Так я стоял до самого появления Сергея. Увидев меня в таком положении,
— Что, решил снежную ванну принять? Наверное, совсем угорел в кабине? Ты бы, Батя, лучше устроил пробежечку на лыжах вокруг каравана, мозги сразу бы в норму пришли, да и дыхалка бы поработала на славу.
— Какая, к чёрту, дыхалка, тут глаз ни хрена не видит, — пожаловался я и потом, более подробно описал свои ощущения.
Лицо Сергея, сразу стало серьёзным и он, даже не дослушав моих жалоб, заявил:
— Ладно, давай-ка надевай лыжи и двигай к нашему кунгу, а я сейчас вызову Дохтура и предупрежу Кота и других, чтобы глушили движки.

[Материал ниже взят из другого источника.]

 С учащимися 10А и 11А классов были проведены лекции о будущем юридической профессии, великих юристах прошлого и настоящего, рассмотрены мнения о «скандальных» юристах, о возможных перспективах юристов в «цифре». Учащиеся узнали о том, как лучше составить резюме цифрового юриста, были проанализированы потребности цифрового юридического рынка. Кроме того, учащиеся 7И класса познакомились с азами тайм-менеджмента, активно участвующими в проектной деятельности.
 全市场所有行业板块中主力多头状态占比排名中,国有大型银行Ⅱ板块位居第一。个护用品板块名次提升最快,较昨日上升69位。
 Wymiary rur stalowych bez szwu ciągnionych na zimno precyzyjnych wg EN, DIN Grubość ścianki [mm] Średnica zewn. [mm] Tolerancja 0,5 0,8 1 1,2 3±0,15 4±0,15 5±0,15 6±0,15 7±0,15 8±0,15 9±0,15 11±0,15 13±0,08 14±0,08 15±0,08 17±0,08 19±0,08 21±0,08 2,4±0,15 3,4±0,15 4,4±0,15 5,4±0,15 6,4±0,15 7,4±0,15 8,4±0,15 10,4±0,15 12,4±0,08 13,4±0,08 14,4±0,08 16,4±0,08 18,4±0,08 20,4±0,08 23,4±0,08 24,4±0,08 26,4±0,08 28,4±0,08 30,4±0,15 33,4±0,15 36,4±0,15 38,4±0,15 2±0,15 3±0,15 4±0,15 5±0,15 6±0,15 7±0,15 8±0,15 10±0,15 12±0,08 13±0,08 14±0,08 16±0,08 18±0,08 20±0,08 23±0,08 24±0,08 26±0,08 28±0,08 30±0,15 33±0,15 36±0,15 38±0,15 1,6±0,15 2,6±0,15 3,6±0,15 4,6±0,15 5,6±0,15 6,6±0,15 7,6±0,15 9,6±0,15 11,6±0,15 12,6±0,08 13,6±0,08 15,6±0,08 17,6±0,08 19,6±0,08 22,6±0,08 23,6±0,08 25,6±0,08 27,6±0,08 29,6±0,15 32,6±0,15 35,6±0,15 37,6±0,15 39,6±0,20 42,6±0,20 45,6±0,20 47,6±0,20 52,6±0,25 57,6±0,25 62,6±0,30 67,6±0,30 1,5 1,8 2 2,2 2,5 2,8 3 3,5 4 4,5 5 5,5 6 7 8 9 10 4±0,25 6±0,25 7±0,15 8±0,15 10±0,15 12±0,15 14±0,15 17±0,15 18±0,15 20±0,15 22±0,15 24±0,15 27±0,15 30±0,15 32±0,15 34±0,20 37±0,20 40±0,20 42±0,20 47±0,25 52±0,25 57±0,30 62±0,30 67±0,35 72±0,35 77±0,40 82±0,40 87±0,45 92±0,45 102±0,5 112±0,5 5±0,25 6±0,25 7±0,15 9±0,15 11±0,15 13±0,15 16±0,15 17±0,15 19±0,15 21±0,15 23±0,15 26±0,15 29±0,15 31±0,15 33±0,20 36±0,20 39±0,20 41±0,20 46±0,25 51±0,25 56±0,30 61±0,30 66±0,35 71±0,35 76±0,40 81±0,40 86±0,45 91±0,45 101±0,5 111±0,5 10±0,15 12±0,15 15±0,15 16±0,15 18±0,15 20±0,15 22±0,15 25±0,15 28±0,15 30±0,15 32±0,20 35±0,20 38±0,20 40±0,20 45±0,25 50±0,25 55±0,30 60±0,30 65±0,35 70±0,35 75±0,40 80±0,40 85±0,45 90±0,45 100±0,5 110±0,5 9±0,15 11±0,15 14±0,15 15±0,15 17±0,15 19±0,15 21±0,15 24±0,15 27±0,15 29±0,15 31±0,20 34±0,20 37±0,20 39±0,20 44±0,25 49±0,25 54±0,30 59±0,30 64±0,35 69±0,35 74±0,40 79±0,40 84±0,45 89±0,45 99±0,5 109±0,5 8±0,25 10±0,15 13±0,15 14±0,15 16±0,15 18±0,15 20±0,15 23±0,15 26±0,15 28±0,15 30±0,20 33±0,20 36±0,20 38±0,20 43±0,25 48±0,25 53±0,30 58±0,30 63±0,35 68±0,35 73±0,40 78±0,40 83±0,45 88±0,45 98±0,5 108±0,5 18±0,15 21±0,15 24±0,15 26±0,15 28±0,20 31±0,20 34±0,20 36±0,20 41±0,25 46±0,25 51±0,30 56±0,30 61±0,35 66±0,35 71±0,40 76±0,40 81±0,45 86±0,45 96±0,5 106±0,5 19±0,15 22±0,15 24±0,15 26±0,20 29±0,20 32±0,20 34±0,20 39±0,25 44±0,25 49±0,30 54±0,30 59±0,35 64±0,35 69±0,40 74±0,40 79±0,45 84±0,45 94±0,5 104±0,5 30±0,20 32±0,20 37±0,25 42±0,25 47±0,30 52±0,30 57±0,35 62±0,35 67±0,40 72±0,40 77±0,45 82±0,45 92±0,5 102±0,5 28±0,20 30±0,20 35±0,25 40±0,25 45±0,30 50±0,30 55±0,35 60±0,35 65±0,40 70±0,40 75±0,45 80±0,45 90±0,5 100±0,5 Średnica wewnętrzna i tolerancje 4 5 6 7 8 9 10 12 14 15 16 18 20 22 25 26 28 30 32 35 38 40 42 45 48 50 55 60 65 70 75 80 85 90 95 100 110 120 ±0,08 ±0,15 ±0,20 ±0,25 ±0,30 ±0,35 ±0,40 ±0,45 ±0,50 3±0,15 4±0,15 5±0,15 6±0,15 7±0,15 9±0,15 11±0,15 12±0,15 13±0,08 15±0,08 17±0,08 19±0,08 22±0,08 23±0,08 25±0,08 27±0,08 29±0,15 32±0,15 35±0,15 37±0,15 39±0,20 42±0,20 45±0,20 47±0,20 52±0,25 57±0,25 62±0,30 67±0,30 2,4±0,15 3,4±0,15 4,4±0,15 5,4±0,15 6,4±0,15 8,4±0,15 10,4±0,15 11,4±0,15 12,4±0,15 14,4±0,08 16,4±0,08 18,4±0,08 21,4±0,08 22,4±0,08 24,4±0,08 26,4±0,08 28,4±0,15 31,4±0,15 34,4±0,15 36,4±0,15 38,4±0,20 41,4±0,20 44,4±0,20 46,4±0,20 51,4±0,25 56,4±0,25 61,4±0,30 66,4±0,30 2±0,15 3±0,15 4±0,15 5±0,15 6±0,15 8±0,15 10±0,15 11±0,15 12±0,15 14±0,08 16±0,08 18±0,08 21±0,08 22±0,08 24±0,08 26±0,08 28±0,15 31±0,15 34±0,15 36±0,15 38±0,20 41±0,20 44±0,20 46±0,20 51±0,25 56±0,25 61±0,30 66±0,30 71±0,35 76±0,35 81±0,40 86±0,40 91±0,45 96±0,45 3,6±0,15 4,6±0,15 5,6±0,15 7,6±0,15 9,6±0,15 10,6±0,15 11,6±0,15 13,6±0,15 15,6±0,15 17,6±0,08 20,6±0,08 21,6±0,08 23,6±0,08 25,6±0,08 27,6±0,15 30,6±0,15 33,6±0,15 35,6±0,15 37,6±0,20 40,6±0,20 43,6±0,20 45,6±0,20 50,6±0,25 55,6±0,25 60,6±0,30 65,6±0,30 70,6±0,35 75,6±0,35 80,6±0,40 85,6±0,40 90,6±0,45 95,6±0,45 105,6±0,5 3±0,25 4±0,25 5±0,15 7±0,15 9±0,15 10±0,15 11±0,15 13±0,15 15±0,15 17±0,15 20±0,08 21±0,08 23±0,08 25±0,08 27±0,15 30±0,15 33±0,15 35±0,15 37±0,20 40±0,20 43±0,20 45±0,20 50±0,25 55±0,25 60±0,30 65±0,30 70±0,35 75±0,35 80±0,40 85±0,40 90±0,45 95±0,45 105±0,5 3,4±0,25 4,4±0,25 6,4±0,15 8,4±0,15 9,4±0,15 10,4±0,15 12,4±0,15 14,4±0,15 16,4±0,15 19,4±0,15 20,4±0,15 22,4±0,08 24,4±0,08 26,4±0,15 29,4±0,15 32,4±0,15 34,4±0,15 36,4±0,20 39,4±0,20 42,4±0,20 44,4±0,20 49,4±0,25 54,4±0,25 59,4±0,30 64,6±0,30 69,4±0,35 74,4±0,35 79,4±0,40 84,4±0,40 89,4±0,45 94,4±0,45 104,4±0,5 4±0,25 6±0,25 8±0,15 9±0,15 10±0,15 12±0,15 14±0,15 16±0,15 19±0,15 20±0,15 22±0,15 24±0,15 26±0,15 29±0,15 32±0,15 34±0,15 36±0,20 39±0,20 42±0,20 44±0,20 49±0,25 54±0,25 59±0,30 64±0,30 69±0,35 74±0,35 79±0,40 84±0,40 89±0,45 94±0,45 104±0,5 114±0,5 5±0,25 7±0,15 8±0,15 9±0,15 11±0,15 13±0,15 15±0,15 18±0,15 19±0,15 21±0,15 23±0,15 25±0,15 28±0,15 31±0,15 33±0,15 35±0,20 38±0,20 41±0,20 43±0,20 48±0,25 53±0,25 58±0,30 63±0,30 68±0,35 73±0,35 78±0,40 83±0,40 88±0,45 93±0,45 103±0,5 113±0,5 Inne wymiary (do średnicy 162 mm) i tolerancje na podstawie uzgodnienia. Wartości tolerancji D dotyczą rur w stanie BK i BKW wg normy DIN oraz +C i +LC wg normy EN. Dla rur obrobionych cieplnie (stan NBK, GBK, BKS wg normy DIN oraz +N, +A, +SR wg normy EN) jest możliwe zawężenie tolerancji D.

По-видимому, придётся здесь устроить небольшой привал, нужно, Батя, тебя слегка подлечить.
Не слушая моих возражений, он развернулся и покатил в сторону заправщика. Чтобы не затягивать время на разговоры с ребятами, по любому бы пришедшими сюда, пришлось мне снимать с боковины ГАЗона лыжи, надевать их и отправляться к мужскому кунгу.
Когда я туда добрался, меня встречала там целая толпа наших ребят, во главе с Игорем. Они буквально подняли меня на руки, сняли лыжи и поставили на лестницу, ведущую к дверям кунга. И всё это было проделано, практически молча, безо всяких вопросов и соболезнований, по-видимому, Сергей уже всё рассказал о моих проблемах.
Попав в тёплое помещение, я сразу же был взят в оборот Машей, которая уже была здесь, она заботливо помогла мне раздеться, а потом, усадив на стул, начала внимательно изучать мои глаза. Жена тоже уже знала о потере зрения моим левым глазом. У неё самой глаза были раскрасневшиеся, а в уголках застыли капельки слёз. Чтобы как-то снять тягостную тишину, я ухмыльнулся и произнёс:
— Ну что вы носитесь со мной, как со смертельно больным человеком. Подумаешь, один глаз стал плохо видеть, но второй-то в норме. Может быть, это организм хитрит. Хочется ему отдохнуть — надоело пялиться на этот ослепительный снег. Ты же слышала, про такие случаи у альпинистов? Они, когда долго без защитных очков смотрели на снег, на время лишались зрения.
Краем глаза я видел, что находившаяся здесь же Надя, устанавливает на столе какой-то прибор, который мы приватизировали в больнице Пущино. Также там стояло несколько пробирок с лекарствами. Едущие в этом же кунге, две наши новые девушки, забились в угол помещения и оттуда испуганно наблюдали за происходившим. Вскоре в кунг поднялся Игорь, он разделся и пошёл сразу же мыть руки. Перед этим он крикнул своей жене:
— Наденька, закапай нашему болезному расширяющие зрачок капли.
Потом, повернувшись ко мне, заметил:
— Ну что, Батя, возраст-то берёт своё. Теперь понимаешь, что нельзя быть во всех бочках затычкой, у нас вон полно молодых, здоровых мужиков. А ты всё вровень с ними пытаешься делать. Слушай Дохтура, он дело знает. Надеюсь, что сейчас-то ты не будешь упорствовать и рваться управлять вездеходом. Нужно тебе немного полежать в кунге, отдохнёшь здесь, наберёшься сил, и всё нормализуется.
— О чём разговор, Дохтур, — ответил я, — тем более что поеду не один, а в обществе таких прелестных дам.